§ REQUIREMENT
Word for word, give the data again without its pictures.

§ STORED DATA
--- START ---

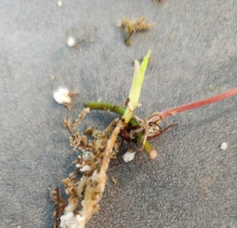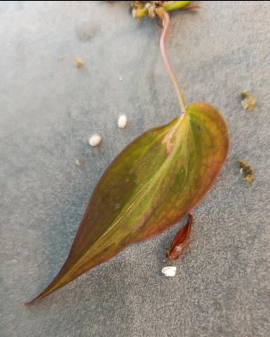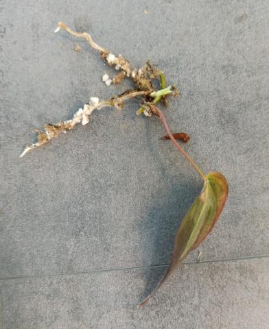 Bewurzelter Ableger mit Austrieb Philodendron micans halo variegata, der bereit zum Einpflanzen ist
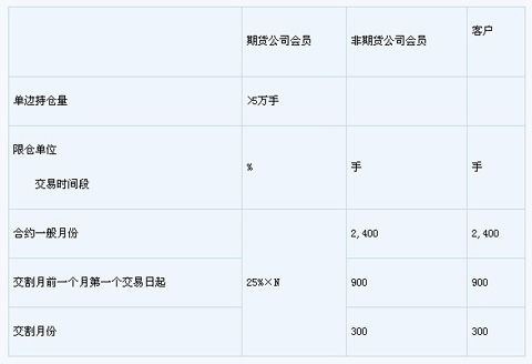 4.期貨公司會員、非期貨公司會員和客戶的焦炭期貨合約在不同時期的限倉比例和持倉限額具體規定如下:
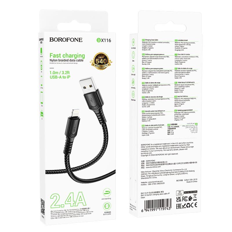 Data Cable Borofone BX116 Certain Lightning 1m Характеристики Data Cable Довжина кабелю100см Тип роз'ємуLightning Надійний та швидкий кабель Lightning Borofone BX116 Certain довжиною 1 метр - ідеальне рішення для зарядки та синхронізації вашого iPhone, iPad або iPod. Виготовлений з якісних матеріалів, що забезпечують довговічність та стійкість до зношування. Оптимальна довжина кабелю забезпечує зручність використання вдома, в офісі чи в подорожах. Підтримка швидкої зарядки та передачі даних робить Borofone BX116 Certain незамінним аксесуаром для власників пристроїв Apple. Компактний та легкий, легко поміщається в сумці чи кишені. Купуйте Borofone BX116 Certain 1m - гарантія якості та надійності для вашого гаджета.

--- END ---

§ ANSWER FOR THIS EXERCISE
 Bewurzelter Ableger mit Austrieb Philodendron micans halo variegata, der bereit zum Einpflanzen ist
 4.期貨公司會員、非期貨公司會員和客戶的焦炭期貨合約在不同時期的限倉比例和持倉限額具體規定如下:
 Data Cable Borofone BX116 Certain Lightning 1m Характеристики Data Cable Довжина кабелю100см Тип роз'ємуLightning Надійний та швидкий кабель Lightning Borofone BX116 Certain довжиною 1 метр - ідеальне рішення для зарядки та синхронізації вашого iPhone, iPad або iPod. Виготовлений з якісних матеріалів, що забезпечують довговічність та стійкість до зношування. Оптимальна довжина кабелю забезпечує зручність використання вдома, в офісі чи в подорожах. Підтримка швидкої зарядки та передачі даних робить Borofone BX116 Certain незамінним аксесуаром для власників пристроїв Apple. Компактний та легкий, легко поміщається в сумці чи кишені. Купуйте Borofone BX116 Certain 1m - гарантія якості та надійності для вашого гаджета.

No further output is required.